Como toda grande cidade, o Rio tem seu “lado b”. Em Nova York, a atenção policial precisa ser constante em bairros do outro lado do East River, em Paris não é aconselhável se aventurar na periferia (banlieue) etc. O Rio não é exceção.
A política de pacificação de áreas dominadas pelo crime organizado se consolida e avança, com importantes resultados na redução da violência, embora ainda haja longo percurso até a criminalidade ficar em níveis “civilizados”, compatíveis aos de outros grandes centros urbanos do mundo desenvolvido.
O ataque ao casal de turistas que apanhou uma van na Zona Sul, com estupro e agressões generalizadas, fez soar o alarme para os mais otimistas. Logo em seguida, o ônibus da linha 328 (Castelo-Bananal) despencou de um viaduto na Avenida Brasil, matando sete passageiros e deixando vários feridos. Não são assuntos desconexos. Pode-se encontrar nos dois dramas características comuns, deformações com as quais os cariocas convivem, e que não serão extirpadas pelas UPPs.
Se a van, registrada para fazer transporte apenas em Niterói, pôde apanhar passageiros no Rio, tripulada por bandidos, sem ser molestada pelos órgãos de fiscalização, o ônibus que se estatelou no asfalto da Avenida Brasil estava, por sua vez, com a vistoria vencida desde dezembro. Acumulava 46 multas a partir de 2008, quando começou a circular.
A ineficácia da vigilância no trânsito é cabal. A van atravessou a Ponte e estava em Copacabana quando o casal de turistas entrou nela pensando em ir para a Lapa. Nenhum agente público interveio. O ônibus, segundo relato de passageiros sobreviventes, trafegava em alta velocidade, tanto que não parou em vários pontos. Também ninguém viu.
É possível que o motorista, André Luís Silva Oliveira, já batesse boca com o passageiro Rodrigo dos Santos Freire, estudante de física no Fundão. Rodrigo teria agredido André, a causa final do desastre. Que poderia ter sido evitado se o Estado também não tivesse falhado no campo da prevenção policial: há pelo menos dois registros contra o motorista, na delegacia da Ilha do Governador, por agredir a mulher. Já seria o suficiente para a empresa e o próprio sindicato dos motoristas considerarem André um risco, e dar-lhe algum tipo de apoio.
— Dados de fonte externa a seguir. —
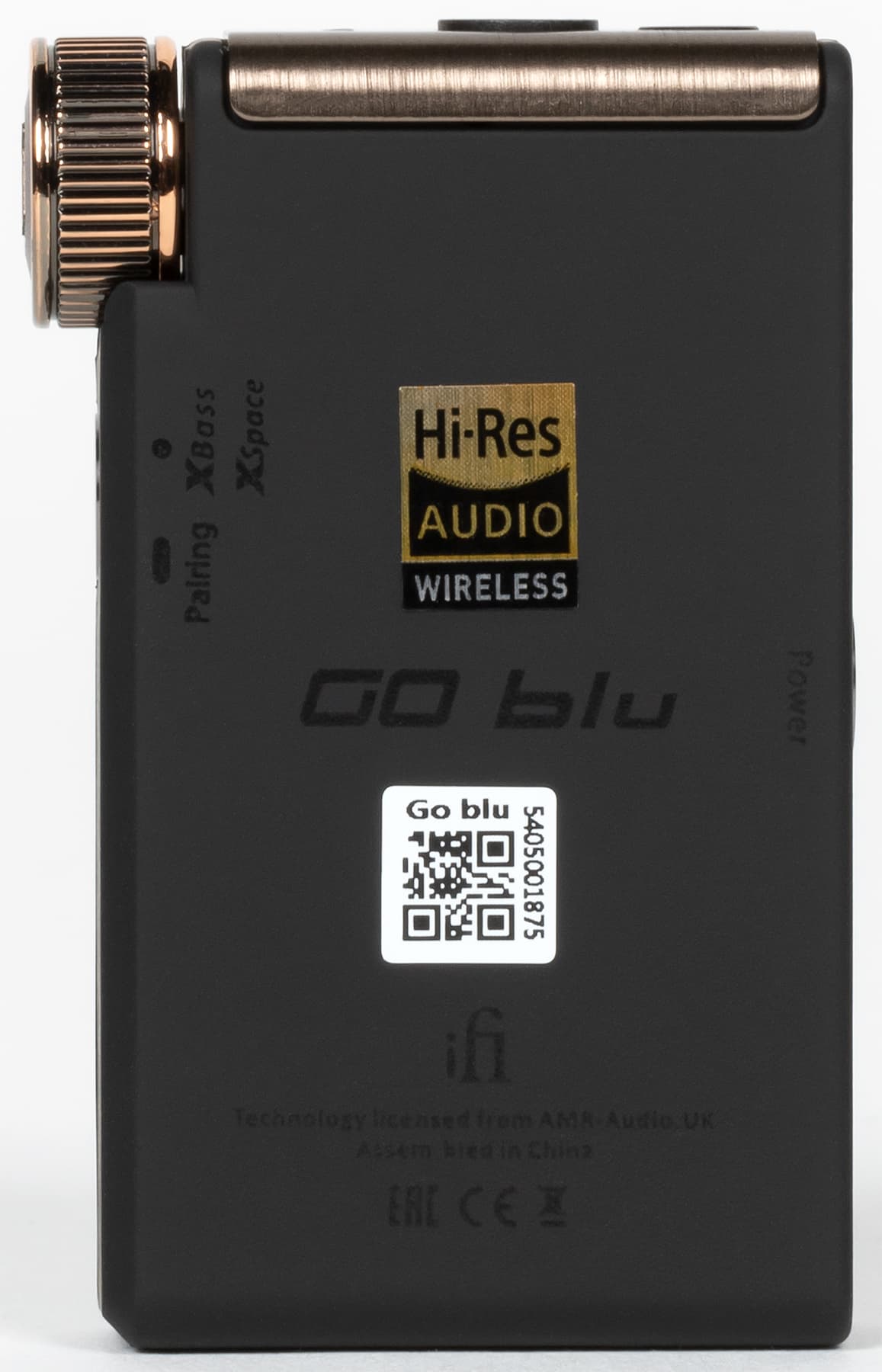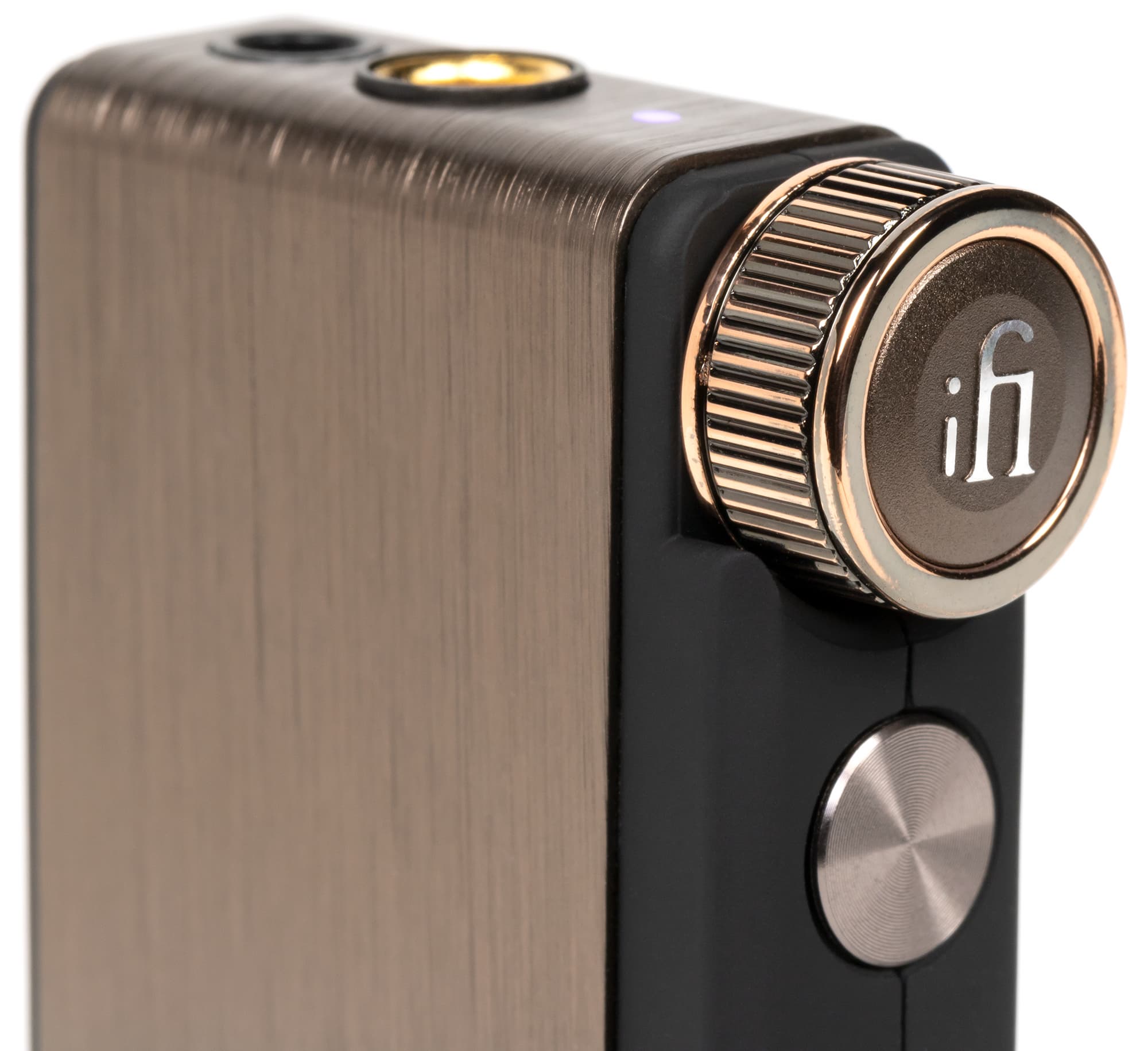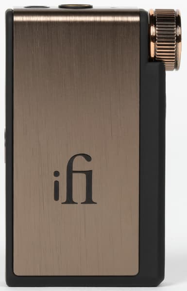 Вернемся к управлению iFi Go blu. Поворотный регулятор на правой стороне корпуса — валкодер без ограничения угла вращения, производящий изменение громкости. Внутри него расположена кнопка, которая отвечает за несколько действий.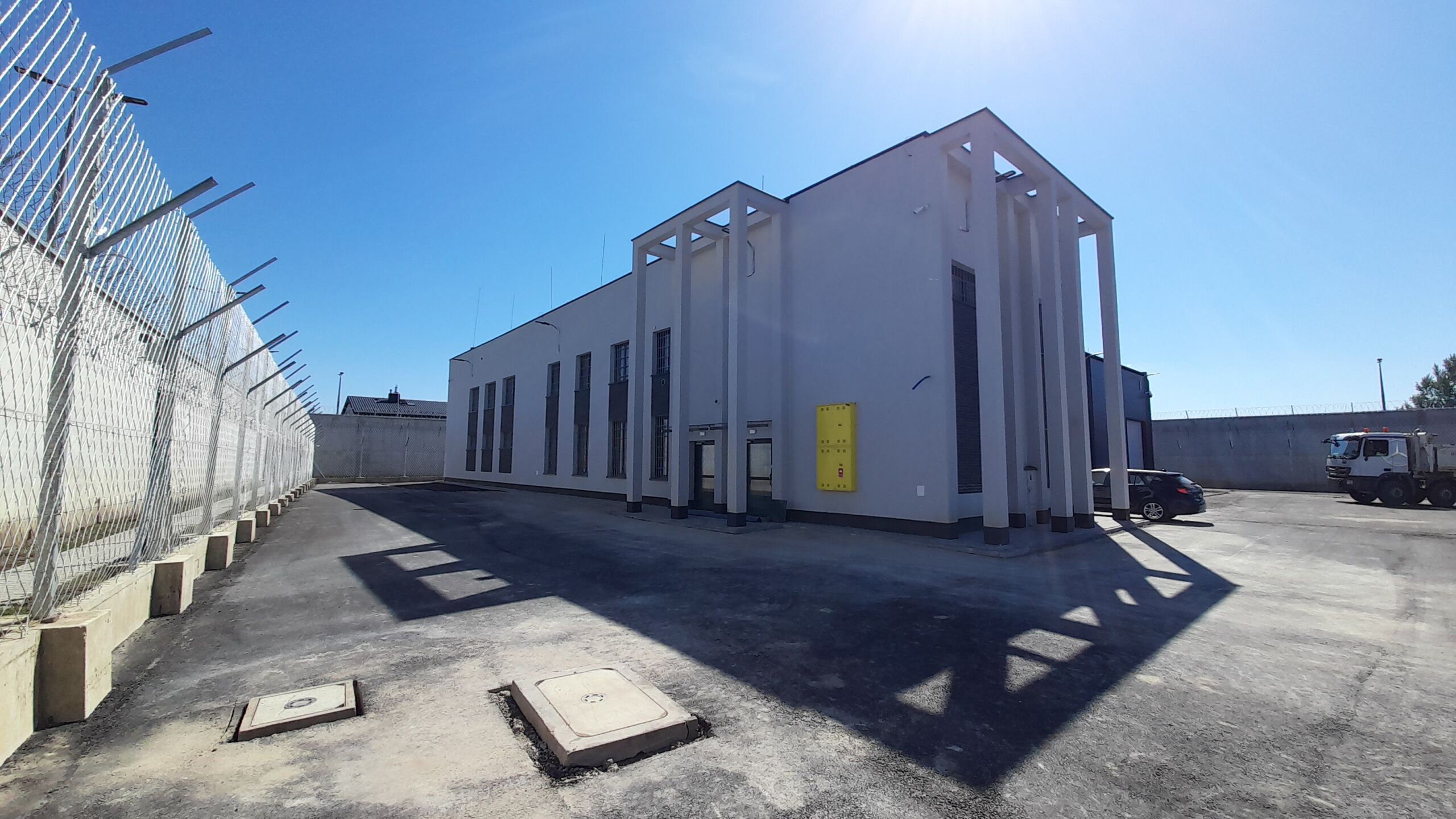 Do naszego zakresu prac należało: budowa budynku wielofunkcyjnego (administracyjno‑usługowego), pawilonu penitencjarnego, domu przejściowego z wykonaniem pełnych instalacji i infrastruktury terenu oraz roboty drogowo-ziemne wraz z zagospodarowaniem terenu. Zamontowane zostały innowacyjne okna, w których nie ma stalowych krat.

Para azar dos passageiros, André cruzou com Rodrigo, também com registros na mesma delegacia por brigas no condomínio em que mora. Nada é obra do acaso.
A informalidade e a descontração, a cara do Rio, com o tempo geraram uma cultura de desordem e incivilidade. A cidade tem de ser informal e descontraída, mas quando setores vitais da administração deixam de funcionar, e a população, no cotidiano, não se preocupa com regras mínimas de convívio e de respeito ao bem público — lixo nas ruas, depredações —, é porque está na hora de recolocar nos trilhos o jeito carioca de ser e de haver um efetivo choque de competência que aperfeiçoe os serviços públicos. As duas coisas também estão ligadas. Cabe ao Estado começar a acabar com o clima de “liberou geral”.